That is why American pop culture’s association of rebellion with blacks over the past century is so deeply unsatisfying. Despite periodically having to defend myself in school from non-white terror, by a complex system of mental canal locks I was never allowed to view this problem directly. The whole culture around me awarded these people a kind of animal authenticity that it forbade me, as a white boy, because my parents’ generation had traded it for easy living. From a very young age I recall perceiving the post-industrial domestic hedonism, the corporate pop-psychology and consolidation of ownership of the Clinton-era boom years with foreboding. I remember when Office Space and American Psycho belonged to the left. Contrarianism itself was something liberal, and it was from that perspective that I first understood the whole edifice of modern comfort and convenience as a kind of facade, sclerotic, doomed to expend itself utterly, its dying energies devoted to an endless capacity to rationalize—and here we are. Yet this clarity was obscured by the cataract of a saccharine and fanatical egalitarianism, so that rebellion meant rejecting the possibility of order and dominance utterly.
It was seeped in that weltanschauung that I came of age right around 9/11. The widespread anti-war sentiment of the Bush II aughts was characterized by a masochistic rectitude, something vegan, estrogenic, and dogmatically unreconciled to the Jungian shadow, and it seemed to me that this ideology correlated more closely with the lithe nihilism and having-it-both-ways of bourgeois corporatism than its purveyors were ever likely to admit. Zionism became a way for me to reject all this. In 2002, Israel had narrative. America’s then-narrative was that a man who cohabits with a goat and sounds like Noam Chomsky incinerated the World Trade Center because he hated consumerism, but that God was thankfully on the side of Spencer’s and Hot Dog on a Stick. Israel’s narrative, on the other hand, was that the plucky little Dwarves had persevered against odds and fought their way back to Erebor. Israel was the Joker to First World campus liberalism—unabashedly militarist, colonialist and racial (at the street level, if not always the diplomatic one) with none of the false motives that came to characterize America’s foray into the middle east. For example: because Jews believe that the soul of a person whose corpse is scattered in pieces can have no rest in the afterlife, when a Palestinian IED destroyed a tank in the early 2000s, the IDF sent a massive force into Gaza and cordoned off the area so that infantrymen under rabbinic supervision, crawling on hands and knees, could recover every last scrap of human flesh for identification. Make of this superstition what you will: what other modern country would ever deploy its armed forces to protect the souls of the dead?

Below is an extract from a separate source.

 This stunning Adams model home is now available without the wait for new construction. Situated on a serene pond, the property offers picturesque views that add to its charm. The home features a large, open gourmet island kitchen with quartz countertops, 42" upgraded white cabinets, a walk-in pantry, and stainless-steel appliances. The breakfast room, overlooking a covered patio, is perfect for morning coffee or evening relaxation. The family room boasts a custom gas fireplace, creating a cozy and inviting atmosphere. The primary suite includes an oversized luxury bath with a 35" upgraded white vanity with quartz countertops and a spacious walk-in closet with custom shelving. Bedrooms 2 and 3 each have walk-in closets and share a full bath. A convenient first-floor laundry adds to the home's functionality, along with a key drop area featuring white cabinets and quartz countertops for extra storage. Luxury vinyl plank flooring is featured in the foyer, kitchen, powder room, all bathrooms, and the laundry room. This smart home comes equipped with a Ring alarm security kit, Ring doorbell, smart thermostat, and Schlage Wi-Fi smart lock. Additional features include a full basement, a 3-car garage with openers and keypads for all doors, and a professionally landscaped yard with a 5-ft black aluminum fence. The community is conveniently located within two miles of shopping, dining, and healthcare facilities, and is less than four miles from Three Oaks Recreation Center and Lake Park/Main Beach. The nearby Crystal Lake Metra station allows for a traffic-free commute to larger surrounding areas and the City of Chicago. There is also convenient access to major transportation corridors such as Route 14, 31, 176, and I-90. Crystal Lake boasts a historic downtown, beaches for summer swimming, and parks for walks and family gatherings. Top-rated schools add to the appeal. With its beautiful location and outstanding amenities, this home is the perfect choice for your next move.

But when you drink Zionism to the bottom of the glass you find exactly the kind of alienation that Baldwin experienced in the Alps. It’s not just bad mustache man and the Arch of Titus. It’s the cathedral at Chartres, Shakespeare, Beethoven, the Hermitage, the fucking Pyramids—for Jews these are all just symbols of persecution. The reason why Jew of Malta is long forgotten while The Merchant of Venice will never be forgiven (despite Marlowe being a thousand times more anti-semitic) is because Merchant is accurate.
For a long time, the Indo-European world understood itself intrinsically as something distinctive, unitary, imbued with special destiny and incontestably superior to any given runner-up. The swastika, for example, can be found all over the place in late 19th century America. It was still emblazoned on the leather binding of the yearbooks at my alma mater as recently as 1932. So it’s silly to trace the decline of the West to Plato or St. Peter or the French Revolution. The West wasn’t even getting started back then. It wasn’t until the period circa 1880-1945 that the transcontinental railways were built, the British Empire spanned the globe, Shackleton and Hedin made their expeditions, and Siberia, the Yukon, the southern capes and the heights of the Himalaya were all finally conquered.

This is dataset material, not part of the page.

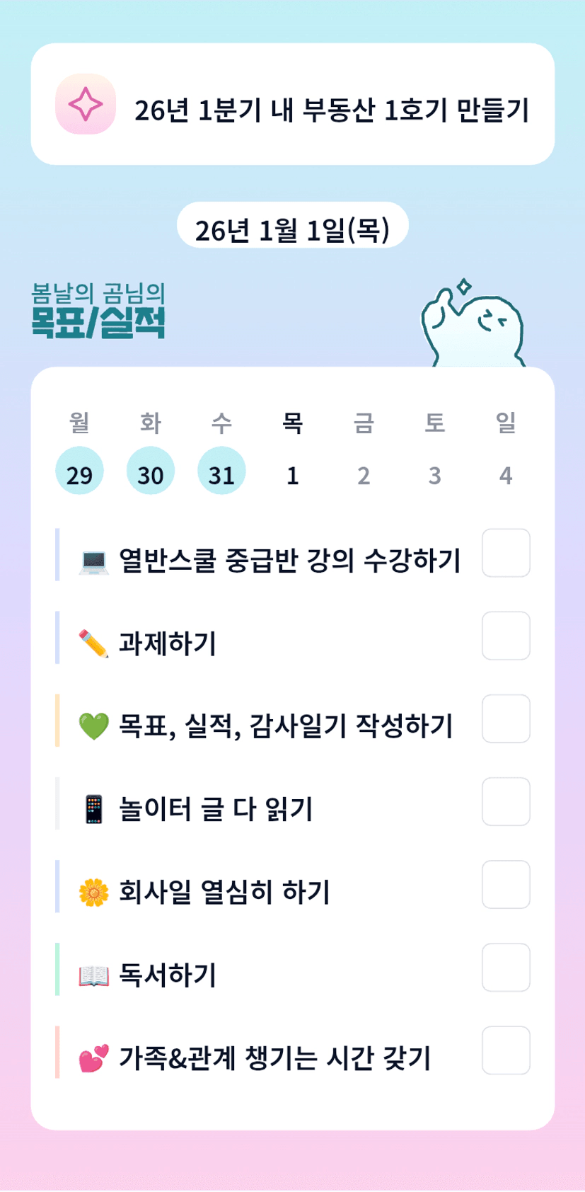 봄님~~새해 복 많이 받으세요💖 2026 알찬 한 해를 함께 보내 보아요!!!! 빠이팅!!

Bruce Chatwin’s In Patagonia is a remarkable travelogue of Argentina in the 70s, that memorializes this outpouring in the form of anecdotes from elderly British and German settlers living at that time in the southern Andes, who still remembered the influx of Europeans three-quarters of a century earlier, their conquest of the remotest lands, and the Odyssean sailors who transported its wool to market in London and Seattle, following nigh to the heels of Tennyson’s ancient mariner. Kipling, Jack London, the pre-Raphaelites, the Beaux Arts, and especially the children’s literature of that period all testify to the self-awareness of the West as something unitary and incomparably dynamic. The decline begins around the same period: the cynicism and malaise portrayed in Chekhov and Oscar Wilde, the banker’s coup of 1913, and the Great War, which precipitated maudlin Nazism, Wickard v. Filburn, the Stalinist purges, and the unseemly domestication of the American 1950s.

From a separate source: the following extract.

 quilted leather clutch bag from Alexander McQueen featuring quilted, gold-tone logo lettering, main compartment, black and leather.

No literature encapsulates the awareness of a constricting malaise during this time better than the Lost Generation. When I was in high school in the 90s, back when reading was mandatory, The Great Gatsby was still mandatory reading. Tom Buchanan was taught as anti-racist satire, Meyer Wolfsheim shrugged off as a product of the book’s time. But Gatsby is incredibly based and prescient: not only is the portrayal of Jews there (and their relationship to the kind of arrivism revealed in Gatsby’s fawning remark over lunch about the criminal Wolfsheim’s superior intelligence) exactly what it seems, but Tom Buchanan is not being smeared as a racist—he’s being smeared as a degenerate. Call of Cthulu was contemporaneous and its message is likewise deeply racial.
The Sun Also Rises is also incredibly based, with the capricious and overcompensating Jew, Robert Cohn, too googly-eyed and childish to ever be loved; the lapsed Catholic narrator, Jake, who’s too cynical to ever love again; and the bankrupt and cuckolded aristocrat, Michael, drowning in debt and drink. Likewise the ruined old nobles of Chekhov’s Cherry Orchard, overtaken by the merchant Lopakhin, of peasant origin, and played off by a Jewish orchestra. Lady Chatterley (and Forster’s Maurice) are altogether cast from the same mold.
I once read somewhere that The Big Lebowski is about the death of God, with each of the characters representing one of the several inadequate, cookie-cutter responses that Western culture has been acting out ever since, trying to cope and compensate. And yet the one personality the film seems to have left out entirely is that of the fascist. There are nihilists and a neocon, yes—but no Nazis. Or are there?
It’s always dark in The Big Lebowski. Most of the action takes place at night. It seems to me that the various characters do indeed represent the empty masks we cling to like buoys of fake meaning on a sea of dread, as we navigate a dark night. The nihilists’ mask is simply the pretense of not wearing any. And this pretense may have many analogues, but fascism is certainly one, because it is pathos-laden and purely vindictive. It cannot resurrect an age of martial valor. It can only lower itself to the challenge of bestiality and dementia.
Consider the recent demonstrations by operatives of the so-called Rise Above movement, and their slogan, “white lives matter”:
Perhaps the principal conceptual shift that occurred during the 2010s was the passing of the torch of (advocating for) consumerist creature-comfort to the liberal class and its orcs from the withered hand of (more or less) conservative middle America, whose vanguard now takes to the streets to annunciate exactly the same kind of simpering and pathos-laden victimology the blacks once did. Indeed, this is the entire tendency of right-wing politics today. Does a virile and forward-gazing people need to debase itself in this manner? The unnamable is the eternally real, and true dominance is always implicit.
For everyone else, there’s the so-called dissident right.